The ideology or the principles of the new democratic government can also be seen in the
same speech. Aquino was able to draw the sharp contrast between her government and of her
predecessor by expressing her commitment to a democratic constitution upholds and adheres
to the rights and liberty of the Filipino people. Cory also hoisted herself as the reconciliatory
agent after more than two decades of a polarizing authoritarian politics. For example, Cory saw
the blown-up communist insurgency as a product of a repressive and corrupt government. Her
response to this insurgency rooted from her diametric opposition of the dictator (i.e., initiating
reintegration of communist rebels to the mainstream Philippine society). Cory claimed that her
main approach to this problem was through peace and not through the sword of war.

Despite Cory’s efforts to hoist herself as the exact opposite of Marcos, her speech still
revealed parallelism between her and Marcos’s government. This is seen in terms of continuing
the alliance between the Philippines and the United States despite the known affinity between
the said world superpower and Marcos. The Aquino regime, as seen in Cory’s acceptance of
the invitation to address the U.S. Congress and to the content of the speech, decided to build
and continue with the alliance between the Philippines and the United States and effectively
implemented on essentially similar foreign policy to that of the dictatorship. For example, Cory
recognized that the large sum of foreign debts incurred by the Marcos regime never benefited
the Filipino people. Nevertheless, Cory expressed her intention to pay off those debts. Unknown
to many Filipinos was the fact that there was a choice of waiving the said debt because those
were the debt of the dictator and not the country. Cory’s decision is an indicator of her
government’s intention to carry on a debt-driven economy.

Reading through Aquino’s speech, we can already take cues, not just on Cory’s
individual ideas and aspirations, but also the guiding principles and framework of the
government that she represented.

LEARNING ACTIVITIES
Guide Questions

1. Discuss the context the speech was delivered.
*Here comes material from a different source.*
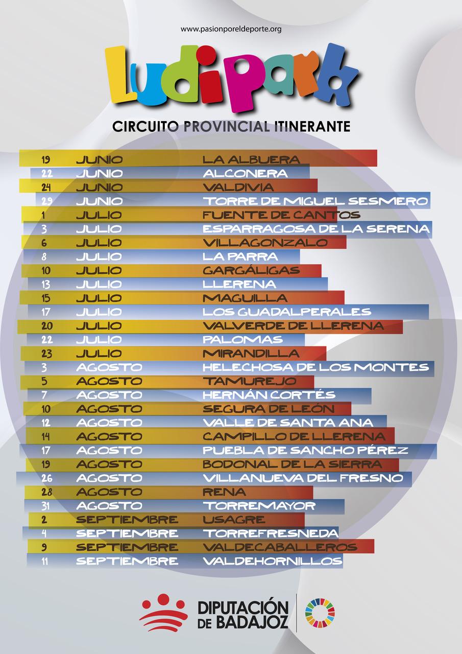 La Diputación de Badajoz, a través del Área de Cultura, Deportes y Juventud, pone en marcha el programa ‘LudiPark”, un parque lúdico-recreativo itinerante dirigido a niños, niñas y jóvenes, de 3 a 14 años, con el objetivo de ofrecerles un espacio de diversión saludable y dinamizada.

2. Watch the speech of Cory Aquino. Describe the scene. How was the speech? How
did the audience react to her half-hour-long address?
3. What was in her speech that convinced the House of Representatives to grant two-
hundred million dollar emergency aid to the Philippines? What were the issues
raised or views pointed out in her address?
4. How did the speech affect you as a viewer? In what way would it be rendered
relevant to the current conditions of our country? Cite specific lines from the speech.
5. What are the points in her speech that you agree and disagree with? Which lines hit
home?

Be sure you get a perfect score in Lesson 4. It’s a brief lesson, isn’t it?